Let us discuss the factors that highlight why investors should retain the stock for now.

Factors Driving Growth

Sports betting and iGaming continue to be a major growth driver for the company. To this end, BetMGM continues to gain market share. As of March 2023, BetMGM achieved a market share of 28% in the iGaming and 17% in the U.S. sports betting space. During the first quarter, net gaming revenues from BetMGM came in at $476 million, up 76% from 2022 levels. Attributes such as robust player economics and a successful bonus optimization strategy added to the positives. Considering the positive market momentum and its unique and unparalleled online and offline offerings, the company is optimistic about long-term growth, with revenue expectations of $1.8-$2 billion in 2023. The company is confident about the improved design and functionality of the BetMGM app launch (of a single wallet) and omnichannel growth prospects.

The company emphasizes on international expansion to drive growth. To this end, MGM Resorts made progress related to development plans in Japan and Dubai. It is working on its plans to expand its footprint in New York. The company is currently working through the RFA process and plans to submit the official application in summer 2023. The total spending expectation for its New York expansion is approximately $2 billion (including licensing fee). Going forward, the company intends to invest more than $2 billion into its properties to boost customer experiences and services. Also, the initiative is likely to support the needed technology platform and advanced analytics to better engage and service its guests and drive market share in its principal markets.

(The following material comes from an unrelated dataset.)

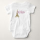 Camisas de bebê menina Paris com bela Torre Eiffel dourada e lindo texto Paris rosa. Você pode adicionar o texto de sua escolha no estilo e cor de sua escolha, escolha seu estilo, cor, tamanho e quantidade simplesmente escolhendo o botão personalizar para começar.
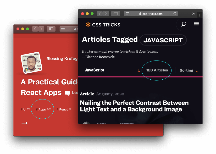 Many popular blogs shows the count of posts for a category or a tag.

The company is benefiting from a healthy demand for leisure time, loosened travel restrictions and significant contributions from the Las Vegas market. During the first quarter of 2023, Las Vegas Strip Resorts' net income came in at $2,176.2 million, up 31% year over year. The positive was brought on by an increase in business volume, travel and the opening of The Cosmopolitan. During the quarter, net revenues from regional operations reached $945.8 million, up 6% from prior-year quarter’s levels. The uptick was primarily driven by an increase in non-gaming business volume. MGM remains bullish on its domestic business outlook.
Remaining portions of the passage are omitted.